The response looks like a standard template or 'fill in the blanks' type of response. Other than the name of the flight attendant, I can't find even the faintest sign that they even read your complaint.

Ilan


----------



## Ernest Nagel (Nov 5, 2009)

So sorry, Di. You might want to take a few minutes to express your appreciation for their non-service here? 

http://airconsumer.dot.gov/problems.htm or here

http://www.airlinequality.com/Forum/contl.htm

And for future reference I'd suggest everyone carry a recording device and begin using it IMMEDIATELY when customer service in any setting starts to go south on you. If your cell phone isn't video capable get a cheap digital voice recorder or use your MP3/iPod to record audio (older iPods need a mike accessory). In a pinch you can even record to your own voice mail. Most states are "1 party" concerning recordings, so only one party to a conversation has to be aware a recording is being made. You can tell them you're recording if you want to see how fast someone can find their manners. Surprises are more fun, imo. 

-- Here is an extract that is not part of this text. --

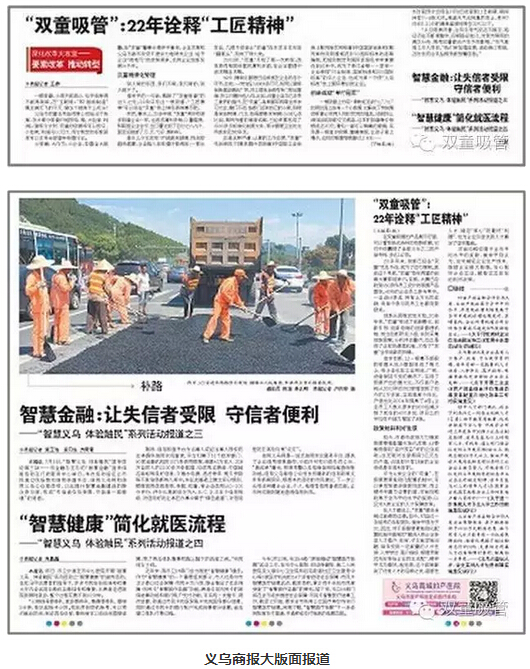 【“雙童”被媒體持續(xù)高度關(guān)注】《義烏商報(bào)》頭版大篇幅報(bào)道:“雙童吸管”:22年詮釋“工匠精神”!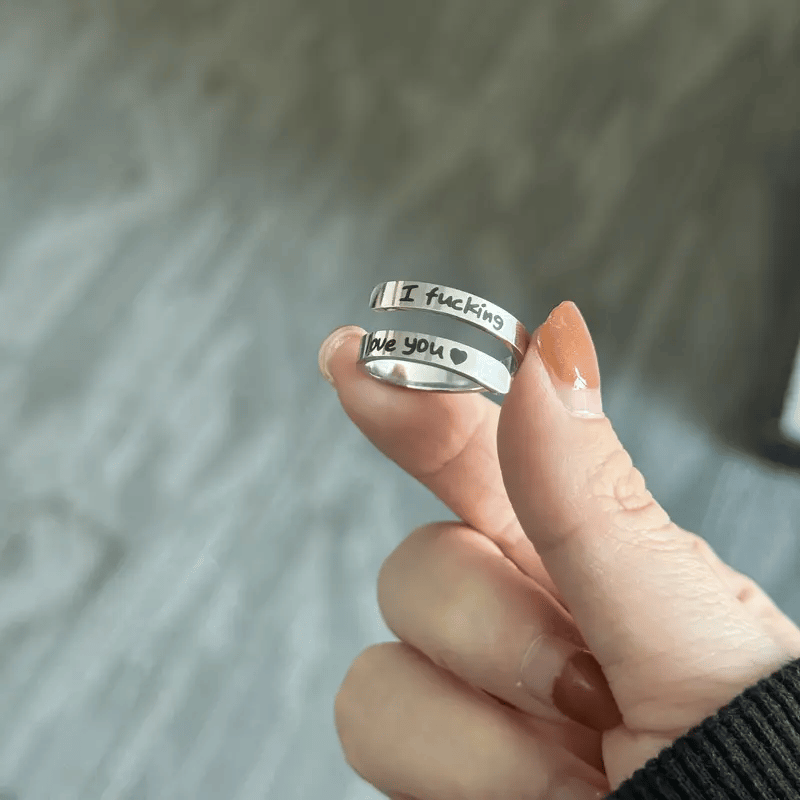 - The Adjustable “I Fucking Love You” Ring — polished silver-toned metal, built to last a lifetime.

I don't imagine Contincompetental would be too keen on having a recording of a confrontation such as you were forced to endure plastered all over the web? In any case a good recording takes all the "he said/she said" off the table. Use the recorder to debrief yourself as well; say how you felt about the experience. I've used this trick to good advantage many times over the years. I don't like to complain or argue but when forced to I prefer to win.


----------



## KuroBara (Nov 6, 2009)

Tooz said:


> I would be wondering where my free flight voucher was.


 
Only one? Heck no! You expect me to buy two seats, I need TWO vouchers. After all, I'm _zaftig_.


----------



## toni (Nov 6, 2009)

I can't believe they are being so stubborn with you. I think this CS chick is trying to prove a point. The fact she would say, she only asked to see your boarding pass proves she does not have a full understanding of your complaint. It is not fair. I know people who have gotten all sorts of credits for making the smallest ruckus. I will avoid flying with them in the future.


----------



## SocialbFly (Nov 16, 2009)

Still no response, how sad, I am going up the ladder, i will keep ya posted.


----------



## James (Nov 16, 2009)

SocialbFly said:


> Still no response, how sad, I am going up the ladder, i will keep ya posted.

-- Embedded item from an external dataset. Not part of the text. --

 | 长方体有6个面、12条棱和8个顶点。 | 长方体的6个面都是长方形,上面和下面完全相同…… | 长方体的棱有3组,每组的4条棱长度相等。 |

keep battling! You are due some serious grovelling from them... This has the potential to be a news story that they won't want. Thats very valuable.


----------



## SocialbFly (Nov 16, 2009)

Here is my letter from today. 


Dear Ms Moon and Mr. Hand,
I am forwarding all my letters to Continental Airlines as well as the responses I have received. I find it disheartening, that I haven't even received communication back from my last emails.

I know to you, this may seem like a trivial problem. I assure you, it isn't from my standpoint. 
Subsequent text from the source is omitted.